BILLY GRAHAM
BILLY GRAHAM
by William H. Benson
January 25, 2007
In September of 1936, sixty years ago, a North Carolina farmer drove his seventeen-year old son west across the Appalachians to Cleveland, Tennessee to enroll as a freshman in Bob Jones College. The lad had a dream of maybe someday becoming a preacher, but in his dorm room he stared dumbfounded at the sign on the wall: “Griping Not Tolerated!”
Soon, he discovered that Bob Jones College was about rules, authority, and discipline, not at all what this North Carolina native son had expected. He had to learn first that Bob Jones, the college’s founder and head, restricted the boys’ and the girls’ social life. Dating was governed by the dean’s scheduling book.
It was worse in the classroom in that instructors offered only one interpretation, Bob Jones’s. No questioning, discussion, or give and take was permitted. “Dr. Bob” often stated publicly that his institution had never been wrong.
One student named Wendell Phillips was so frustrated that he packed his bags and left for the Florida Bible Institute, east of Tampa Bay. He wrote letters back to Bob Jones urging the students there to join him in the south and abandon Bob Jones.
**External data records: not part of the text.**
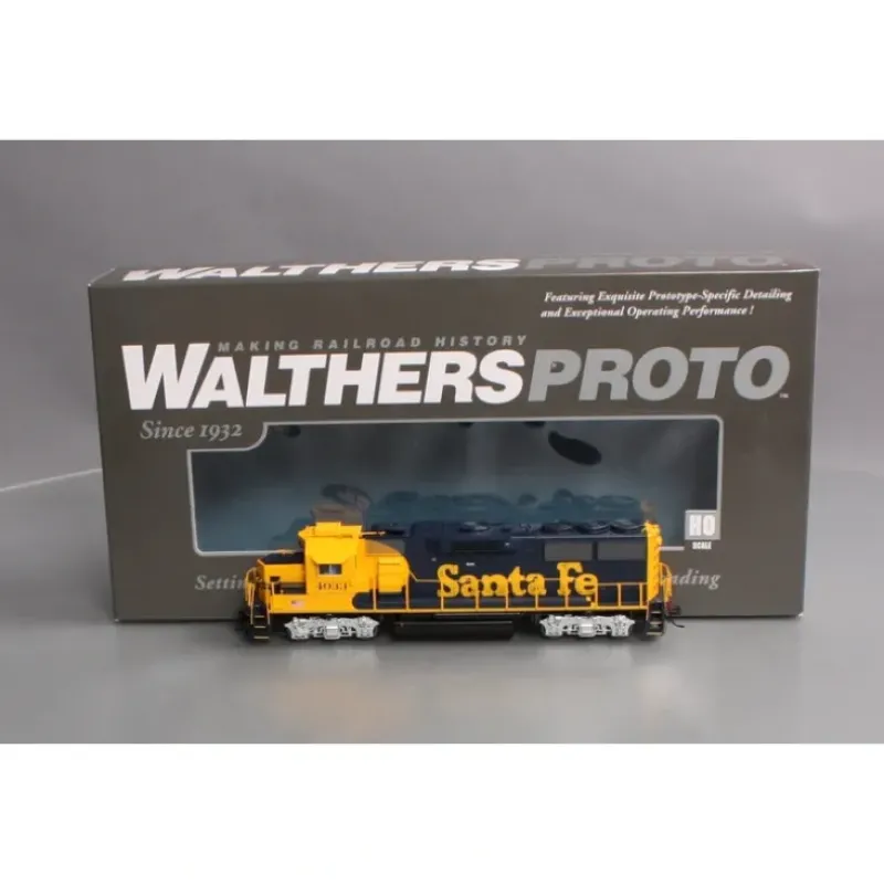 This is a WalthersProto 920-41809 HO Scale EMD GP60 – Soundtraxx(R) Tsunami(R) Sound & DCC Santa Fe #4033 (blue, yellow w/American flag). Built 1985-1994, most still in service Primary Assignment: Fast intermodal and light, priority freight; later used in general freight service as well as local and yard work. As computer technology advanced in the 1980s, EMD took a major step forward with the introduction of the new GP60. Directly behind the cab, a trio of microprocessors regulated and ran various onboard systems, replacing complex wiring circuits and relays. Coaxing 3,800 horsepower from its 16-cylinder 710G3A prime mover, the four-axle GP60 was well suited for fast freight service and was often seen on the point of priority trains when new. While the GP60 proved the advantages of computer control, potential buyers were more interested in six-axle power, and EMD focused its development efforts on the bigger units. For now, the GP60 may be the last in a long line of geeps. * Limited Edition – One Time Run of These Roadnumbers! * Prototypes in Service 1985 to the Present * Perfect Power for All Modern Freight Assignments * NEW – Working Front Ditch Lights as Appropriate * Road-Specific Details * Available with Factory-Installed SoundTraxx Tsunami Sound for DCC and DC Layouts * 14:1 Helical Gears for Smooth, Quiet Performance * Five-Pole Skew-Wound High-Torque High-Efficiency Can Motor * Low Speed Under 3 Scale MPH * LED Constant & Directional Headlights * Easy Multiple Unit Operation * Metal Grab Irons & Lift Rings * Proto MAX Metal Knuckle Couplers Detailed to match units in service from 1991 to BNSF merger with: * Brass Nathan K-3 Air Horn with Elevated Stand * Low Hood with Headlight and Lever Handbrake * Beacon Sub-base * Sinclair Radio Antenna with Ground Plane * Cab Number Boards * Short Sill Duct with Long Handrail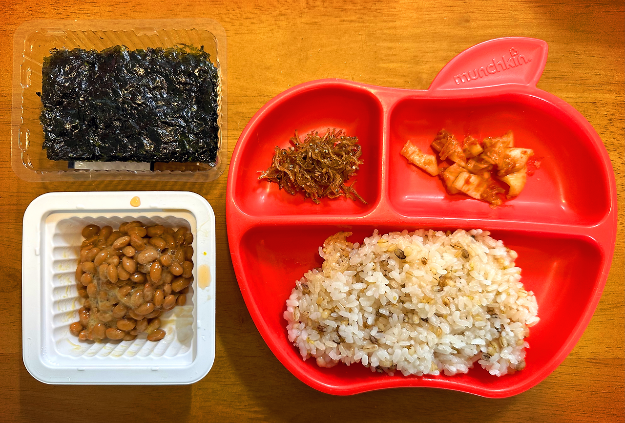 따뜻한 밥에 김, 김치, 그리고 낫또면 끝.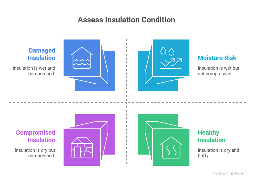 Healthy insulation should be dry, uniform, and fluffy. After a harsh winter, wet or compressed patches signal trouble. Moisture-saturated insulation loses its thermal effectiveness, and mold can begin to grow if wet materials are not dry within 24 to 48 hours of exposure to water, according to the U.S. Environmental Protection Agency.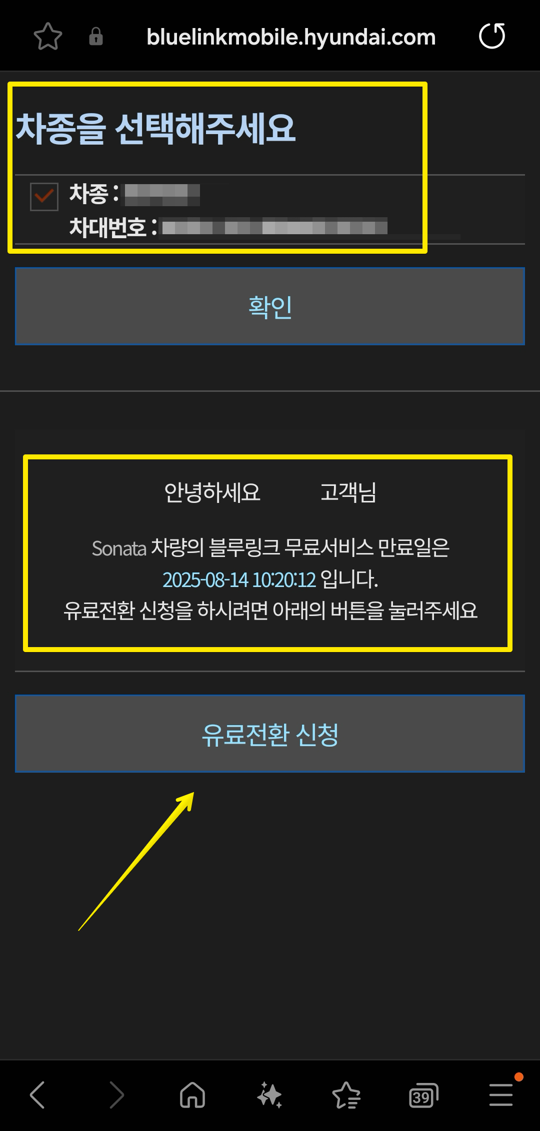 마이현대 앱에서 블루링크 유료전환 하는법

The North Carolina farm boy turned eighteen in November, and the cold and damp in Tennessee left him suffering from the flu. Feeling that he was not fitting in, he scheduled an appointment with Bob Jones and told him of his dissatisfaction with the school and that he was considering going to Florida.
Without hesitation, Bob Jones said, “If you leave and throw your life away at a little country Bible school, the chances are you’ll never be heard of. At best all you could amount to would be a poor country Baptist preacher somewhere out in the sticks.” Decades later the student still felt the pain of those words: “His voice booming, he pronounced me a failure and predicted only more failure ahead. I left his office disillusioned and dejected.”
The student’s name was Billy Graham; Bob Jones could not have been more wrong. Billy went to Florida in January and ran across the golf course again and again, “like an animal that had been in captivity and had finally got its freedom.”
What was it that motivated Billy Graham to become the evangelist to the world? What was it that drove him away from his wife and children repeatedly for long periods of time? I suppose that there were a variety of factors, but I think that Bob Jones’s cruel words played a crucial role. Who knows, but without them, Billy Graham may not have driven himself so relentlessly to build his own global organization.
What motivates people best? Warm encouraging uplifting words or the hostile angry verbal assault? There is no clear answer. People may need both, but in moderation.
We each have differing levels of ambition, and the crucible of life—the slings and arrows of outrageous fortunes—can crush out what we have, or it can whip it up into a potent mixture. One never knows how a man or a woman will react. Human character grows, expands, and develops as we slam into immovable blocks, people like Bob Jones.
What was it that drove Washington on to keep the British from destroying his pitiful army? What was it that drove Lincoln on for four years to win what seemed an un-winnable war? Either of them could have given up, quit, and surrendered at a low moment, but neither would think or do so. Defeat was not in their make-up.
What is it that drives our current President? In the face of Congressional and public opposition to sending in more troops, he will not yield. “Not until we get the job done, will we leave Iraq,” he says. In the long run he may be right, or he may be utterly wrong. One wonders what happened in his past that has brought him to this position of such unwavering stubbornness. Perhaps, and it is just a guess, there was a Bob Jones in his past.